Kuwabara Satoshi, Nakata Miho, Sung Jia-Ying, Mori Masahiro, Kato Naoko, Hattori Takamichi, Koga Michiaki, Yuki Nobuhiro
Department of Neurology, Chiba University School of Medicine, 1-8-1 Inohana, Chuo, Chiba 260-8670, Japan.
J Neurol Sci. 2002 Jul 15;199(1-2):89-92. doi: 10.1016/s0022-510x(02)00088-6.
We describe a patient with the acute motor axonal neuropathy (AMAN) form of Guillain-Barré syndrome (GBS), who showed generalized hyperreflexia. A 24-year-old man developed acute paralysis following Campylobacter jejuni enteritis. He showed exaggerated tendon reflexes with abnormal reflex spread to other segments, and was initially diagnosed as having post-infectious myelitis. Nerve conduction studies showed motor axonal degeneration (the AMAN pattern), and increased soleus H-reflex amplitudes. His serum was positive for IgG antibodies to gangliosides GM1b and GalNAc-GD1a. He was treated with plasmapheresis, resulting in rapid recovery. Hyperreflexia was still present 12 months after onset when muscle strength was completely normal. This case provides further evidence that patients with AMAN can develop increased motor neuron excitability, and possible mechanisms for the hyperreflexia are discussed.

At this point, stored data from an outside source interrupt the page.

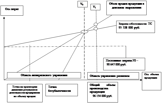 По оси затрат отложим условно постоянные и переменные затраты по молочным и кисломолочным продуктам, исходя из данных таблицы в финансовом плане производства ОАО «Венгеровский молочный завод» Затраты = Общий объем продаж в денежном выражении – Общая суммарная прибыль. Затраты = 96 154 000 руб. — 2 000 руб. = 96 152 000 руб. Общий объем производства продукции на 2004 год составил в денежном выражении 89 852 000 руб. Если же рассмотреть 2005 год ситуация практически не изменилась, хотя будет виден небольшой рост объемов производства. Расчеты говорят о стабильно низком уровне рентабельности. Прибыль составила 2 000 руб., выручка 96 154 000 руб., а себестоимость 93 528 000 руб. Отложим точку по оси объема продукции. Точка пересечения прямой условно постоянных и переменных расходов с прямой объема продукции в денежном выражении проведенной из нулевой отметки является точкой безубыточности. Перпендикуляр, восстановленный к объему производства, даст зону безубыточности производства. Рентабельность можно подсчитать, если найти отношение прибыли к издержкам. Рентабельность в 2004 году находилась на уровне 0,002 %, и в 2005 году рентабельность тоже не изменилась, хотя для данной отрасли она должна быть на уровне не ниже 15%. Что говорит о критическом положении ОАО «Венгеровский молочный завод» и о фактическом кризисе на данном предприятии. Но по прогнозу на 2010 год ситуация изменится и рентабельность предприятия уже составит около 15%. Этого можно добиться путем изменения старой структуры управления на маркетинговую структуру по географическим регионам. Это расширит рынок сбыта, увеличит спрос, а, как известно, спрос рождает предложения – это один из основных законов рынка. Необходимо также снизить издержки до минимума, что позволит уменьшить и без того огромную себестоимость. Для оценки состояния социально-экономического объекта и его местоположения построим график безубыточности по прогнозным данным на 2010 год (Приложение №5). Соответственно ОАО «Венгеровский молочный завод» будет приносить в бюджеты различных уровней достаточно значительные суммы в виде различных налогов (Приложение №6).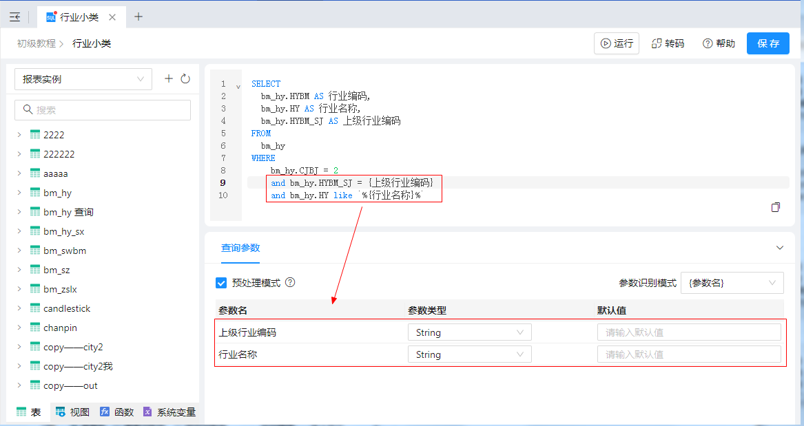 此处与“SQL嵌套模式”不同的是:增加了一个参数“上级行业编码”。
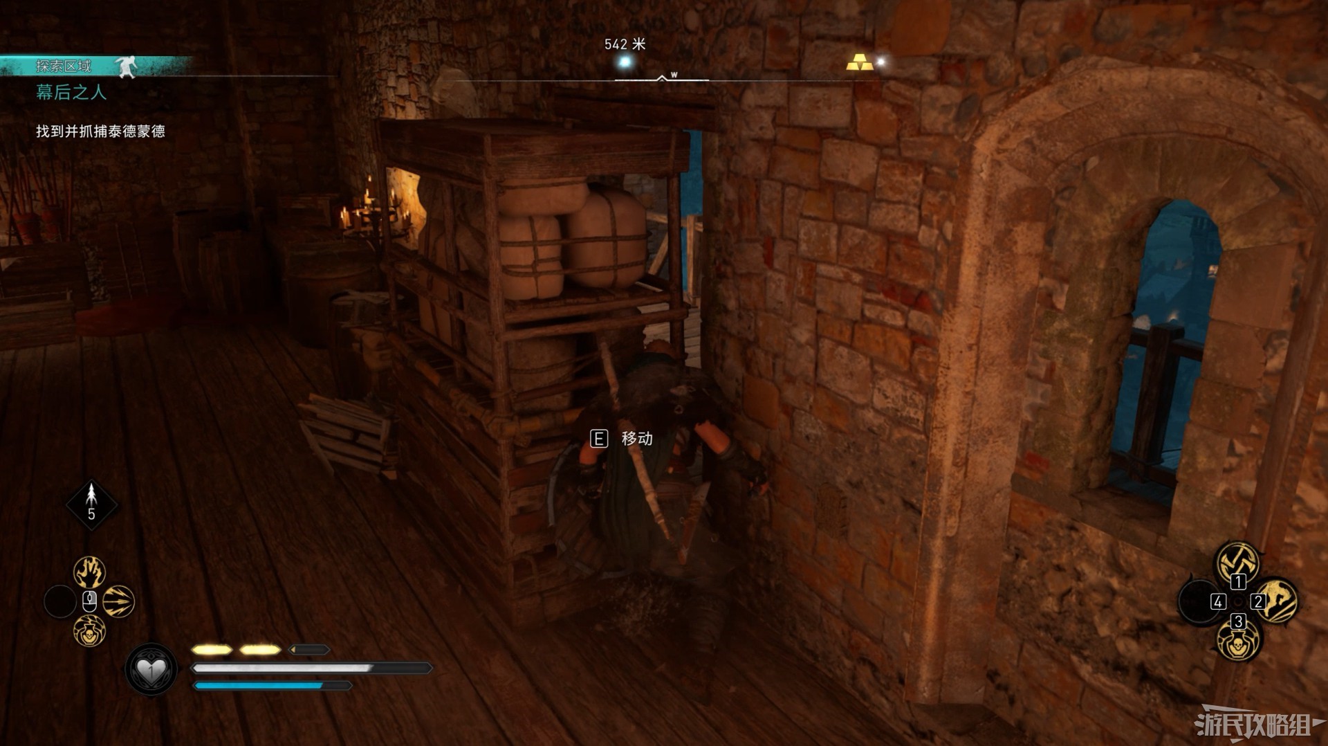 为了队伍能从河中到达鲁切斯特城堡,艾沃尔需要进入城堡破坏锁链。从任务提示的塔楼旁登上城墙,暗杀城墙拐角处的守卫。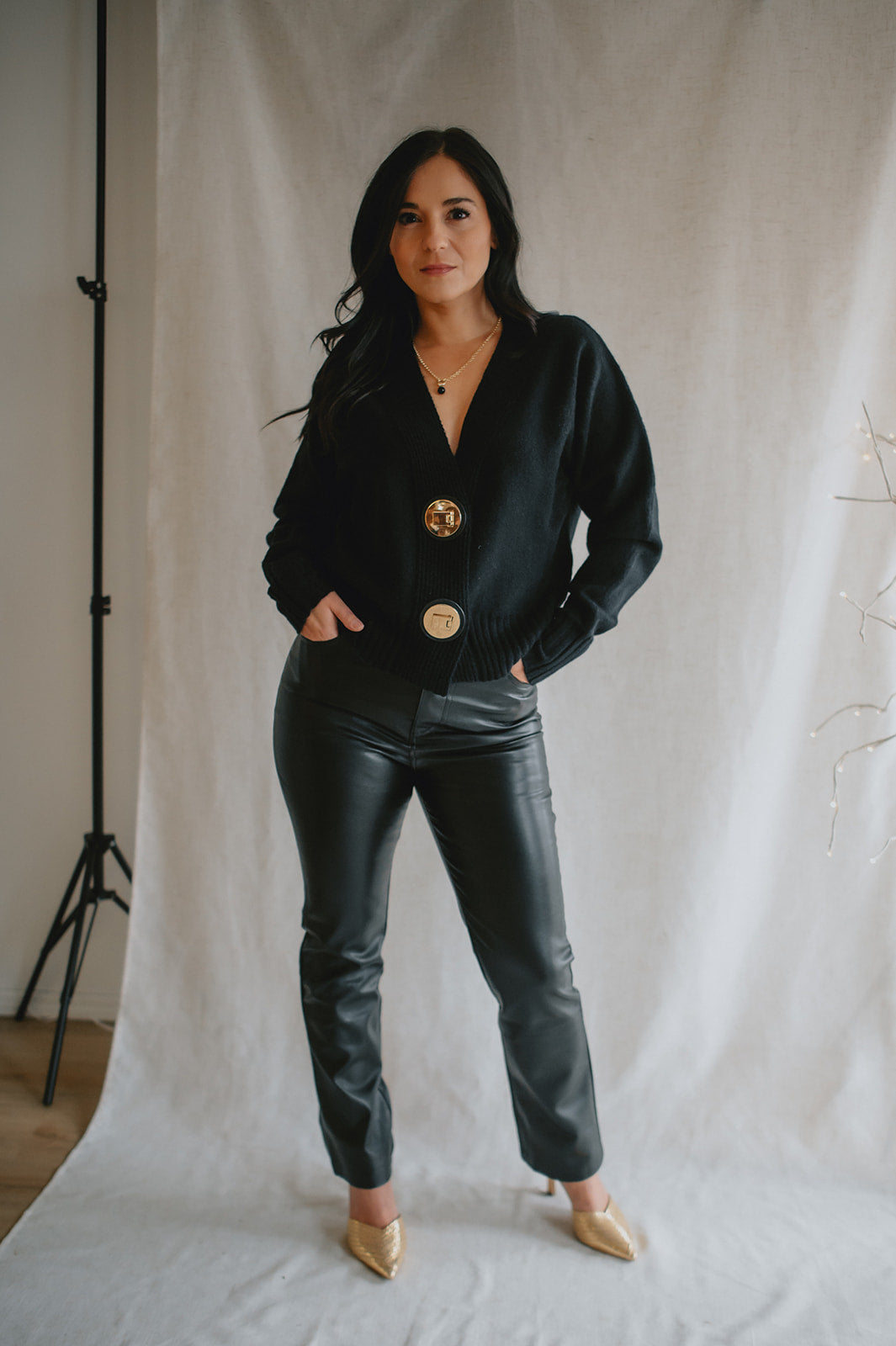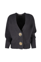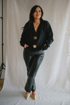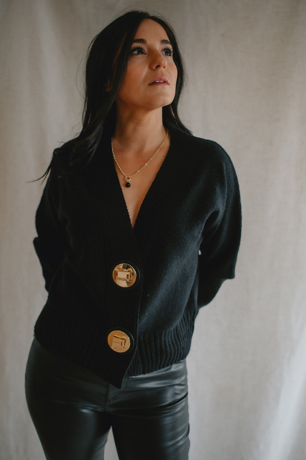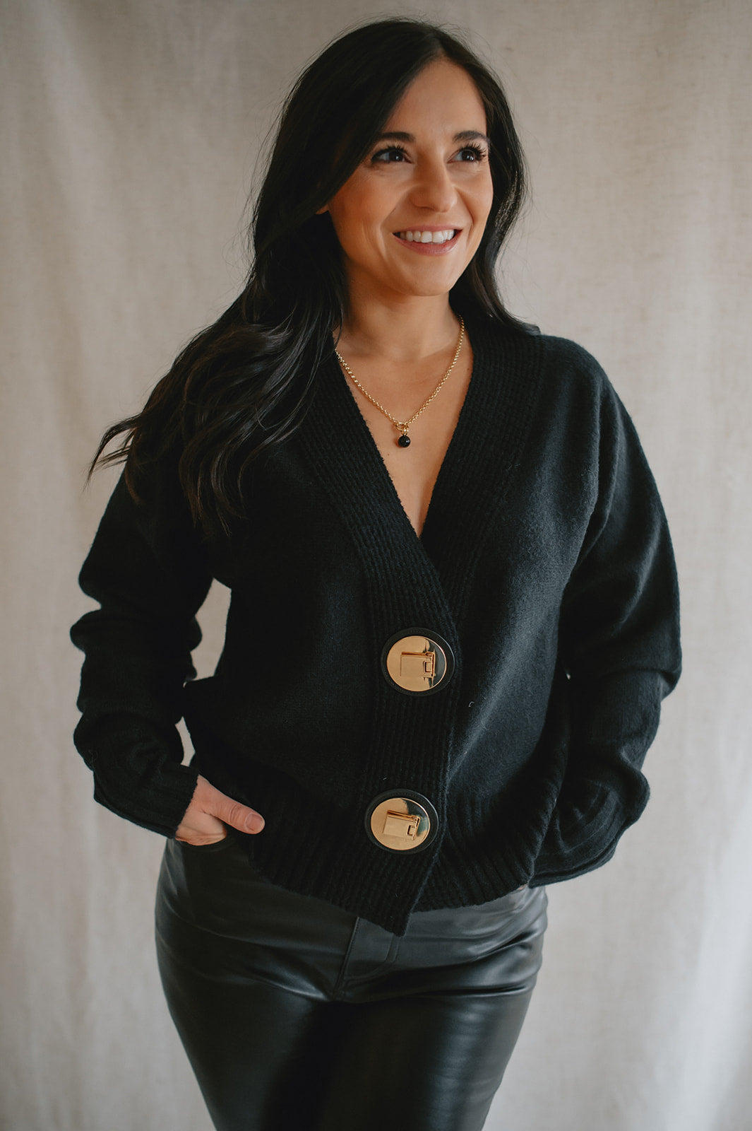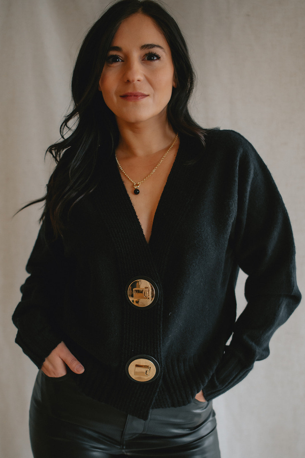 The standout detail? Two chunky gold buttons set on leather-look tabs, adding a bold, polished finish that brings a touch of modern sophistication to this clean silhouette. Whether worn buttoned up or layered open, this piece offers versatility, structure, and understated elegance.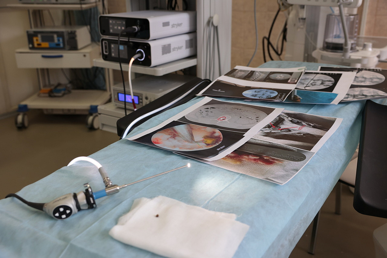 Ключевое приобретение - уникальная эндоскопическая стойка с камерой сверхвысокого разрешения 4K и специализированными манипуляторами. Оборудование позволяет проводить точечные вмешательства на позвоночнике: удалять грыжи и извлекать инородные предметы, включая осколки после ранений у бойцов СВО. Технология обеспечивает минимальную травматизацию тканей, а восстановление занимает считаные часы, пациента могут сразу перевести в отделение реабилитации.
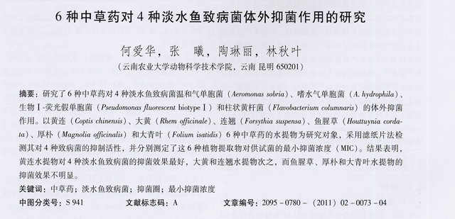 6種中草藥對(duì)4種淡水魚(yú)致病菌體外抑菌作用的研究

我们描述了一名患有格林-巴利综合征(GBS)急性运动轴索性神经病(AMAN)型且表现为全身性反射亢进的患者。一名24岁男性在空肠弯曲菌肠炎后出现急性瘫痪。他表现出腱反射亢进,且异常反射扩散至其他节段,最初被诊断为感染后脊髓炎。神经传导研究显示运动轴索变性(AMAN模式),比目鱼肌H反射波幅增加。他的血清中抗神经节苷脂GM1b和GalNAc-GD1a的IgG抗体呈阳性。他接受了血浆置换治疗,恢复迅速。发病12个月后,当肌肉力量完全正常时,反射亢进仍然存在。该病例进一步证明AMAN患者可出现运动神经元兴奋性增加,并讨论了反射亢进的可能机制。